# Scent Dispensers for Haunted House



## Will Reid (Sep 2, 2013)

deleted post


----------



## FastEddie33 (Aug 16, 2013)

There are various scents you can add to your fog juice...Amazon has a few, but just google fog juice scents..


----------



## FastEddie33 (Aug 16, 2013)

Froggys has a nice line of scents...
http://www.froggysfog.com/product/FS-ACC/Froggys-Scent-Additive-for-Fog-Fluid-and-Haze-Juice.html


----------



## Will Reid (Sep 2, 2013)

deleted post


----------



## fontgeek (Jul 24, 2006)

You might look at/consider something even more basic, like incense. As with any source, you have to consider allergies, respiratory issues, etc. your guests might have.
Getting your self or others ill is no fun for anyone.


----------



## Lord Homicide (May 11, 2012)

FG, incense all smells the same, plus, you don't think it stirs up allergies?

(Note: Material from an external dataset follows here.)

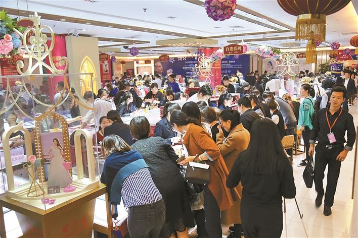 記者近日走訪(fǎng)了周大生深圳訂貨會(huì)。時(shí)值展會(huì)最后一天,現(xiàn)場(chǎng)仍有不少訂貨商在挑選款式。深圳訂貨會(huì)坐落在羅湖區(qū)田貝花園三樓,面積達(dá)2400多平方米,展出鉆飾、黃金、K金、翡翠、珍珠等產(chǎn)品。

First off, what scents are you going for? If you haven't already found what you are looking for


----------



## kauldron (Oct 17, 2011)

Just leave some unwrapped lunch meat in your trash can for a few days and your guests will think they are in the movie Saw. JK


----------



## fritz42_male (May 5, 2009)

I bought in some scent dispersers for a kitchen showroom I had and they were OK but not brilliant. In the end, I went with a very simple solution of 6v pir battery powered light rewired to power the small fan they use on some video card chips. This was in a very rough cardboard enclosure blowing over those $2 'reed' diffusers. Worked better than the stainless steel $200 disperser I first bought.

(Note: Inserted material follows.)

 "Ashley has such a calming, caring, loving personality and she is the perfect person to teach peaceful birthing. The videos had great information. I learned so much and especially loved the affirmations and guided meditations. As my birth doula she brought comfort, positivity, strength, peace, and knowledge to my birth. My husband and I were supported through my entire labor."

As for smells, there are plenty of sellers out there and a good one for a horror scene is 'liquid ass'

Demeter Fragrances do a Mistress Elvira collection that includes his n her zombie smells!


----------



## RoxyBlue (Oct 6, 2008)

Lord Homicide said:


> FG, incense all smells the same, plus, you don't think it stirs up allergies?


Actually, there's a tremendous variety of incense scents on the market, and I believe fontgeek was referring to incense when he mentioned allergies. I know there are folks who get headaches from incense (Spooky1 being one of those).

I don't know if it would have the same impact in an open area like a yard haunt (depends on how breezy it gets), but it would certainly be worth trying for indoor use. Most incense is dirt cheap and, unless wrapped up in a package, easy to sniff-test before buying.


----------



## Haunted Spider (Sep 6, 2010)

Froggys is a good choice. They have several types of scents and things to distribute them. I think Master fog might also have scents and I know one of the Forum Sponsors HalloweenFX does as well. 

I would still with a scent from a Halloween company and go that route.


----------



## Hanke's_Haunt (Oct 14, 2013)

*Scent Suggestion*

I read on another forum about someone using rose-scented room spray. Depending on your setup, it could be an easy fix.


----------